You may also be interested to know that my mother is returning to New York next week and would be delighted to have you stay with her. She will send a letter to your mother inviting you to accompany her.
Please disregard if this information is not of interest to you.
Sincerely,
Thomas Whitman
Evelyn reread the letter. She folded it up and let out a breath she hadn’t realised she was holding. The relief that it wasn’t a proposal from Charlie! She put the note back in the envelope. Then she took it out and read it again because perhaps she now had a plan that excited her more than the prospect of marriage to Charlie ever had.

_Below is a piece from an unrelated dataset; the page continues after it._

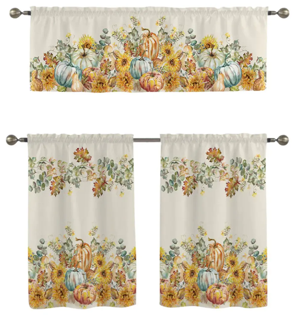The "Harvest Sun" kitchen tier set showcases autumn floral at its finest. Orange and teal pumpkins, giant sunflowers, and fall foliage come together in a colorful watercolor design. A cream background provides the perfect neutral setting. It''s just the festive touch you''ve been looking for. Artwork by Tre Sorelle Studios, Presented by Laural Home®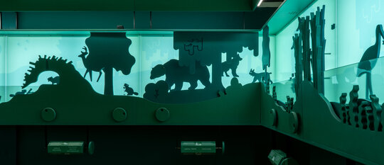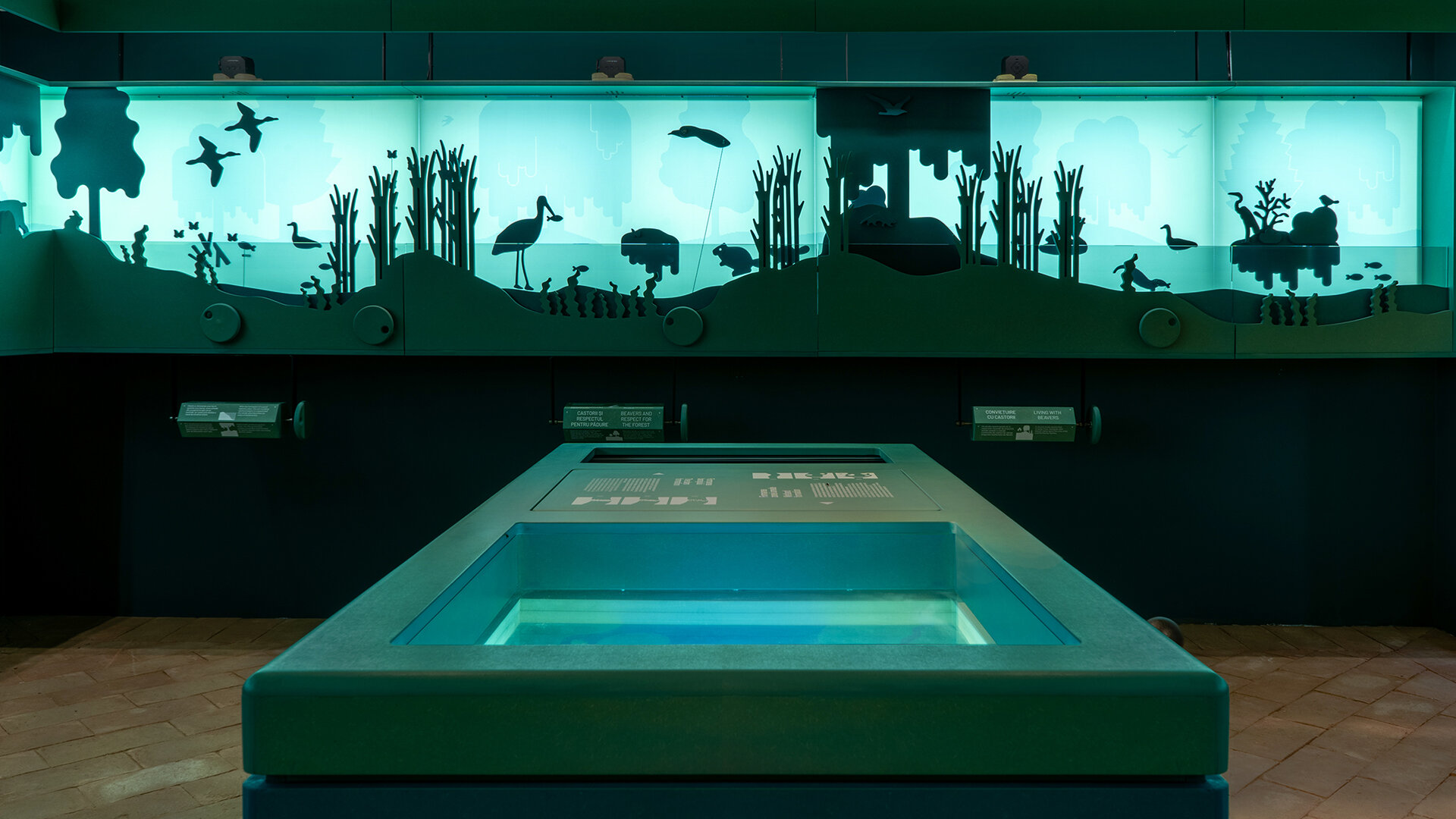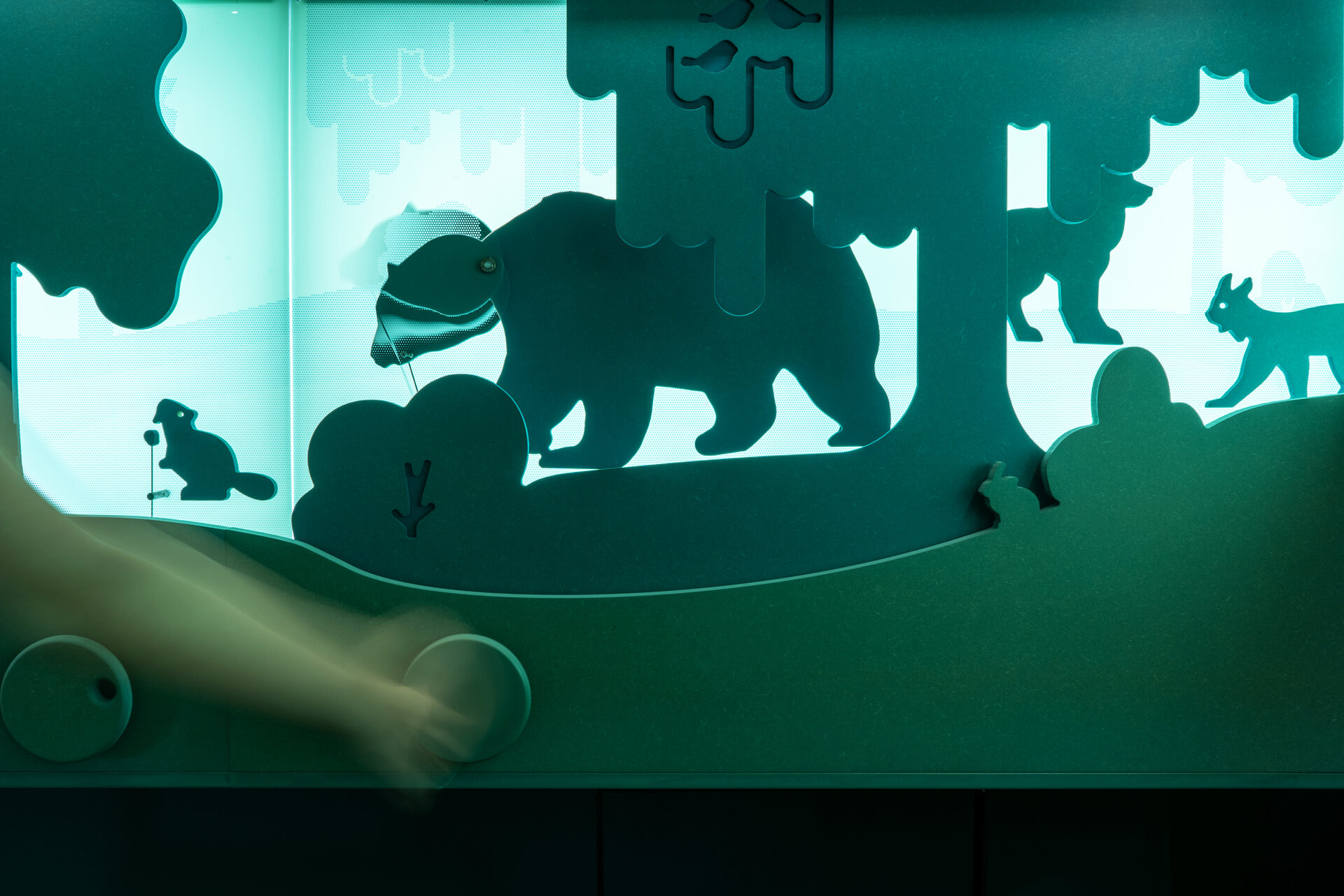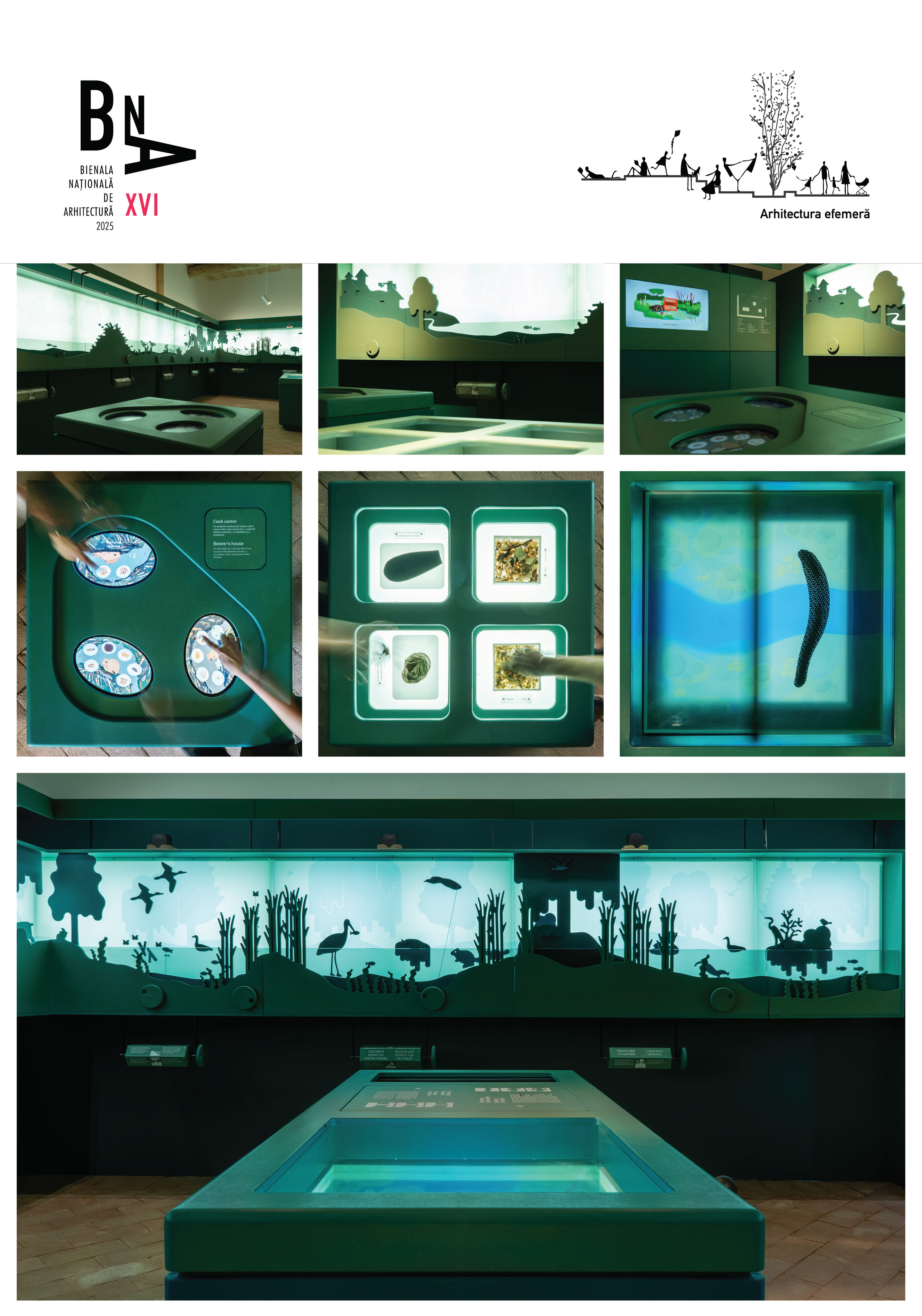 Diorama dezvoltată de-a lungul a două laturi ale încăperii reprezintă un mod interactiv de a învăța despre aceste animale, în timp ce animațiile realizate în colaborare cu Vână Animation Studio descriu activitățile zilnice ale castorilor, habitatele lor complexe și rolul lor esențial în ecosistem.

‘Thank you!’ she shouted excitedly at the Whitman house, even though she knew Thomas would never hear her. She couldn’t help but blow an impulsive kiss his way.
What if she went to New York to see what might be involved in pursuing this unlikely idea of becoming a doctor? She could test her interest and her strength. She’d say that she was going to New York to shop. No one had to know what her true plans were. Not until she knew which life she wanted to lead, and which life she was prepared to leave behind.
Chapter Four
‘What are you up to, my dear?’ Mabel Whitman asked as Evie settled beside her in the rear of the car, exactly a week after she’d received Thomas’s letter.
Evie blushed. ‘I hoped nobody thought I was up to anything.’ She looked out the window as the chauffeur picked up speed and Concord passed by in a rush of pastel, the colours of candy and cake and childhood. ‘My plans are probably very foolish.’